Illustrated London News (K. John, 14th August 1948): The Telephone Call, by John Rhode, adds a fictitious setting and a solution to a real murder case. The Ridgewells – so Mr. Ridgewell says – are all in all to each other; they have no acquaintances, and want none. He, when not engaged in selling things by hire-purchase, is wrapped up in the Stoic philosophy; her leanings are artistic; sometimes he reads aloud to her, or they pass the evenings with a little music. It sounds ideal; yet when Mrs. Ridgewell is discovered weltering in her blood, the stoical though shattered husband is the prime suspect. He is supposed to have been decoyed away that evening by a telephone message – but he could have sent it himself. However, Jimmy Waghorn feels that he may be innocent; only who else can have done it? Who indeed? – the book has almost no characters, so one can hardly fail to guess right.

The Scotsman (19th August 1948): In The Telephone Call John Rhode takes a murder in which all the signs suggest it has been committed by the husband of the dead woman. This seems the only possible solution to everyone except the Scotland Yard detective who patiently sifts the small volume of evidence until he finds first a motive for the crime and then the murderer. With a murder committed “off stage” and only three possible suspects, Mr. Rhode makes the most of his material. The deduction is cool and logical and the solution satisfying.

Observer (Maurice Richardson, 29th August 1948): Now for some old friends. In The Telephone Call John Rhode reconstructs a particularly baffling North of England murder case. Dr. Priestley’s solution is perfectly satisfactory – of course – but it introduces extraneous elements. A good one, this, for the court-case connoisseur.

The Sphere (Vernon Fane, 18th September 1948): Mr. John Rhode’s The Telephone Call has its merits too, though I thought it suffered from the author’s choice of an insistently dull background.

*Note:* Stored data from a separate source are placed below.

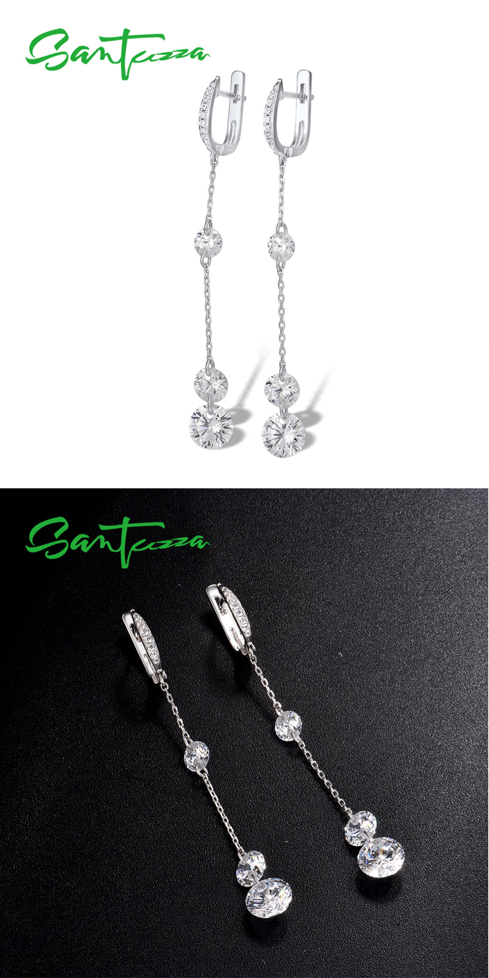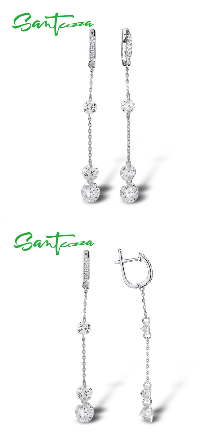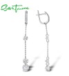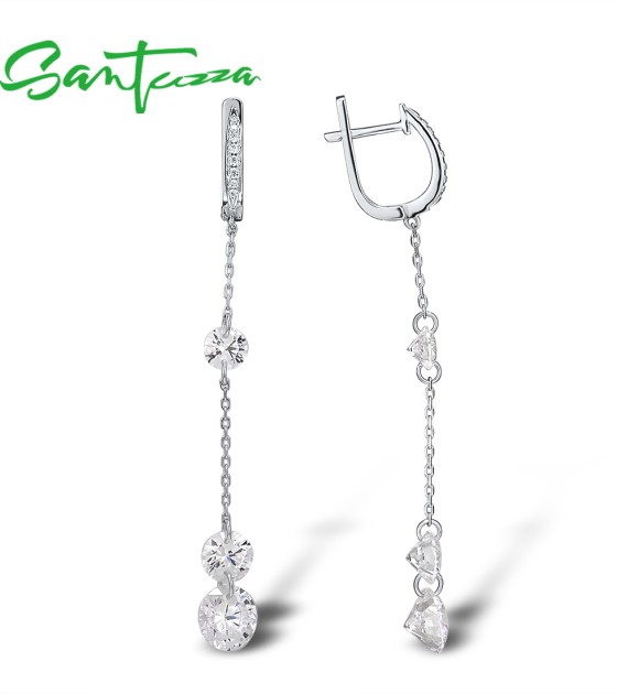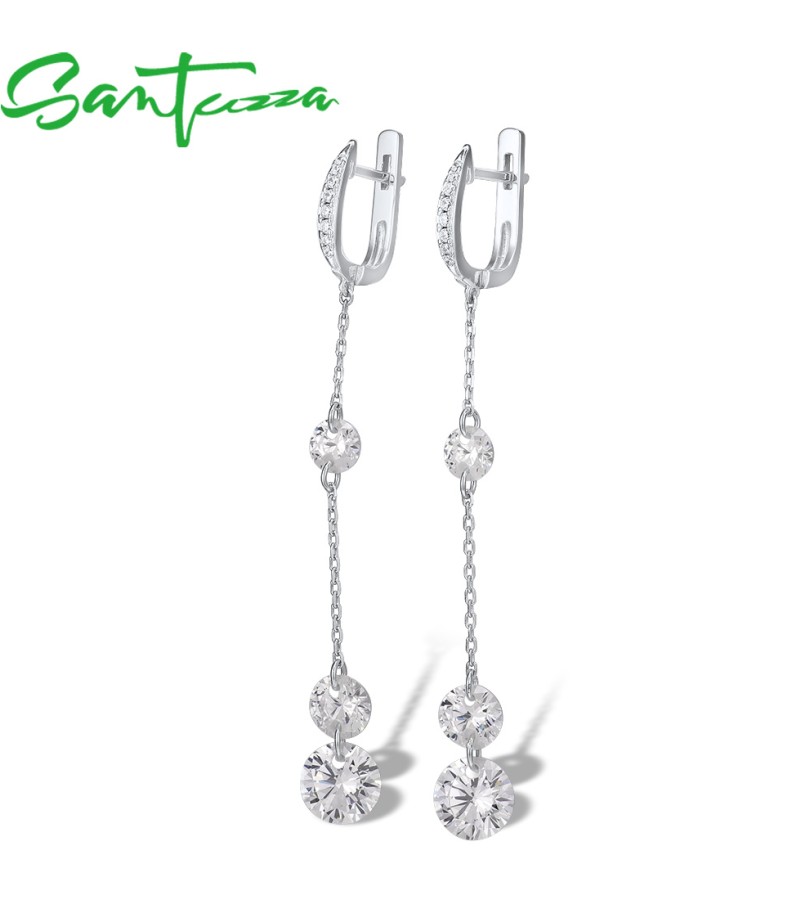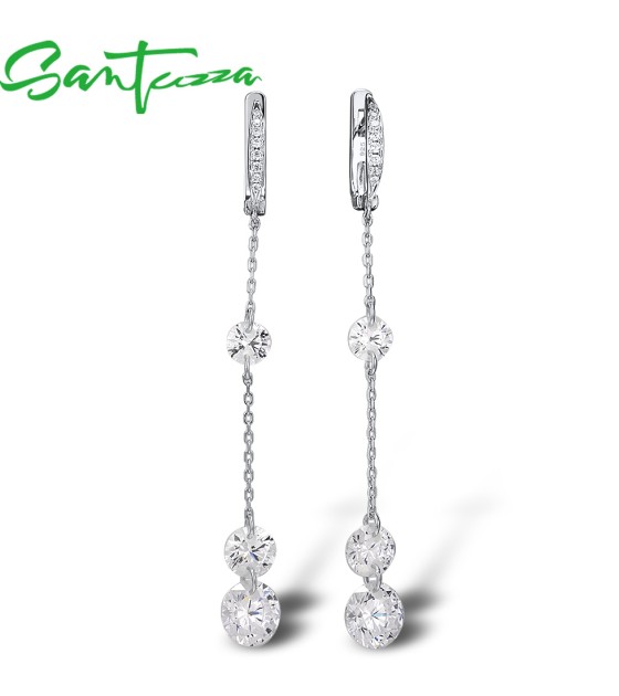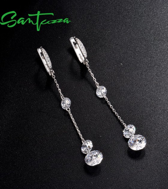 SANTUZZA 925 Sterling Silver Earrings White Cubic Zirconia Long Drop Earrings Fine Jewelry
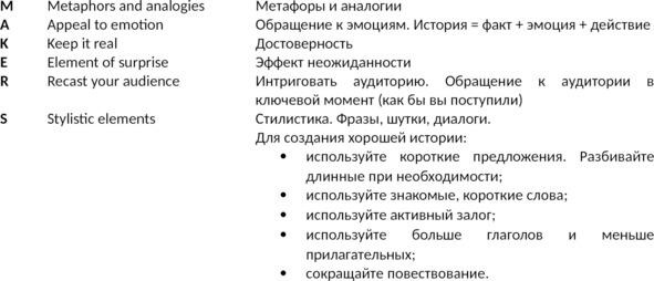 Пол Смит в книге «Мастер историй» предложил простую формулу: CAR = STORY MAKERS
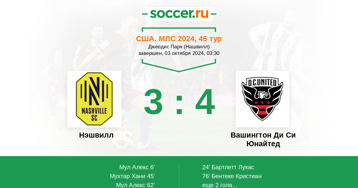 Протокол матча Нэшвилл против Вашингтон Ди Си Юнайтед
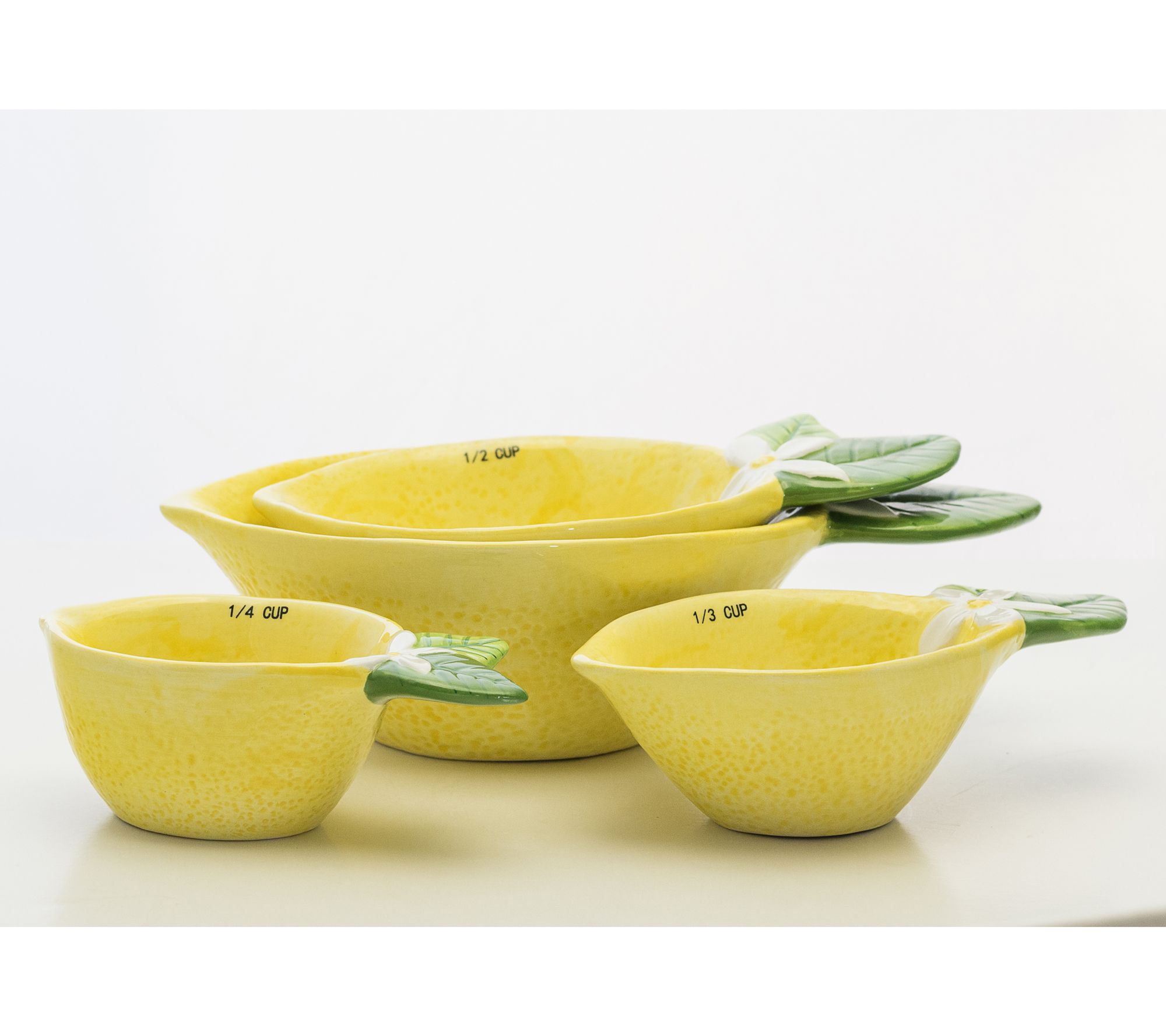 Add a fresh and cheerful touch to your baking with these fruit-inspired measuring cups. Designed to resemble vibrant fruit shapes, they offer both functionality and decorative charm, creating a fun aesthetic in your kitchen. Ideal for bakers of all ages, they make measuring ingredients a delightful task. From 10 Strawberry Street.
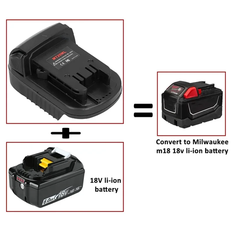 Conversión de batería: las baterías son intercambiables, convierte la batería de litio MAKITA de 18V a la batería de litio Milwaukee de 18V, práctica de usar
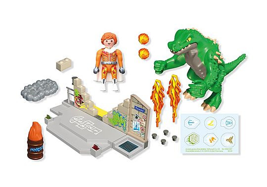 PLAYMOBIL Heroes: MegaRaptor εναντίον Firestormer – Μάχη ηρώων γεμάτη δράση! Στην PLAYMOPOLIS γίνεται η απόλυτη τελική αναμέτρηση: Η γιγαντιαία σαύρα MegaRaptor προσφέρει εντυπωσιακή δράση με την εντυπωσιακή λειτουργία χτυπήματος στο δεξί χέρι και τη λειτουργία συγκράτησης στο αριστερό χέρι. Μπορεί να συγκρατεί στο στόμα της τις φιγούρες ή να τις πιάνει και να τις κρατάει με το χέρι της. Ο τοίχος που μπορεί να καταστραφεί φέρνει πρόσθετη διασκέδαση – μπορεί να χτιστεί ξανά και ξανά και να κατεδαφιστεί εντυπωσιακά από τη γιγαντιαία σαύρα. Στο πλευρό των ηρώων βρίσκεται ο Firestormer: Με τις αφαιρούμενες πύρινες σφαίρες του και την ευμετάβλητη έκφραση του προσώπου του, είναι έτοιμος να μπει στη μάχη και να υπερασπιστεί την PLAYMOPOLIS.

The Montrose Review (1st October 1948): Fictional sleuths invariably owe their success to methods that are the opposite of orthodox. In real life, however, the solving of a crime, be it murder or something less serious, is usually the result of persistent and painstaking investigation. The truth of this is underlined by John Rhodes [sic] in The Telephone Call. The victim of a particularly brutal killing is a woman, and for long her husband is the principal suspect. The police, however, are the first to admit that the superficial facts can be used to prove the husband’s innocence as well as his guilt, and it is some time before they uncover the clue that leads them to the correct solution. This novel. which is based on a celebrated murder trial, is a superlative example of the straight-forward detective story.

New Yorker (12th February 1949, 120w): The details, though not the solution, are, possibly by coincidence, the same as those of a Liverpool cause célèbre – the Wallace case, in 1931…  Mr. Rhode’s contribution to the literature of the affair is, regrettably, on the dull side.

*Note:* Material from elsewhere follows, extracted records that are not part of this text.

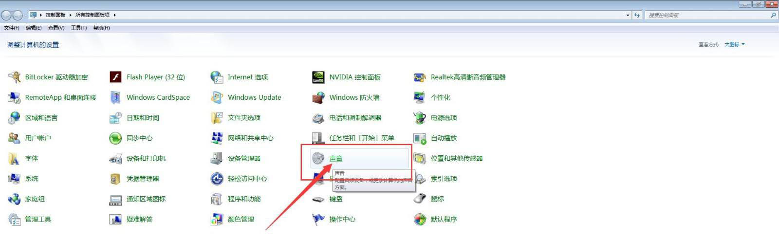 接下来,在进入控制面板主界面后,此时,我们点击打开【声音】,进入声音设置界面;
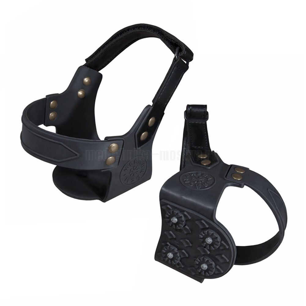 Изделия оснащены высокопрочными автомобильными шипами. Они обеспечивают безопасность при передвижении и повышенную устойчивость на льду. Надежно фиксируются на подошве и при этом легко снимаются.
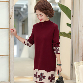 时尚妈妈装中长款加肥加大码毛衣新款中年女针织羊毛连...
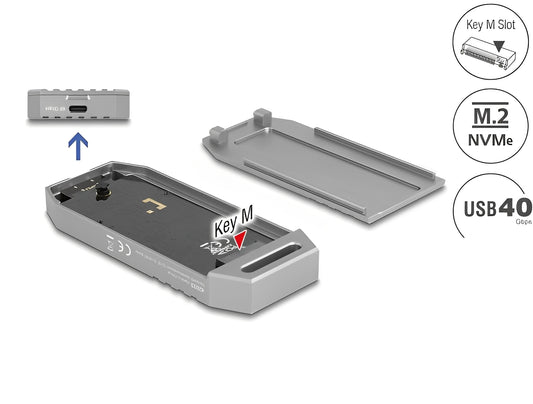 מארז חיצוני Delock לכונן M.2 NVMe SSD אחד עם חיבור USB-C 40Gbps

The Saturday Review (19 February 1949): Salesman called off on wild-goose chase returns to find wife slain and himself chief suspect. Dr. Priestly settles that. Typical Rhodesian exercise in deduction – this time with slightly more pungency than usual – due possibly to factual basis of “perfect crime”. Very good.

NY Herald Tribune Wkly Bk R (Will Cuppy, 20th February 1949, 130w): Here is a Grade A puzzle…  Fine guessing game for stand-pat jig-saw fans.

Chicago Sun (James Sandoe, 25th February 1949, 320w)

NY Times (27th February 1949, 110w)

San Francisco Chronicle (E.D. Doyle, 13th March 1949, 80w)

A Catalogue of Crime (Barzun & Taylor, 1989): A first-rate reconstruction of the Wallace case. When Rhode has a start on the situation – i.e., does not have to clothe it himself with human detail – he does an excellent job. And his mastery of physical fact is here admirably applied, leading to a very plausible outcome. Hors concours, gold medal.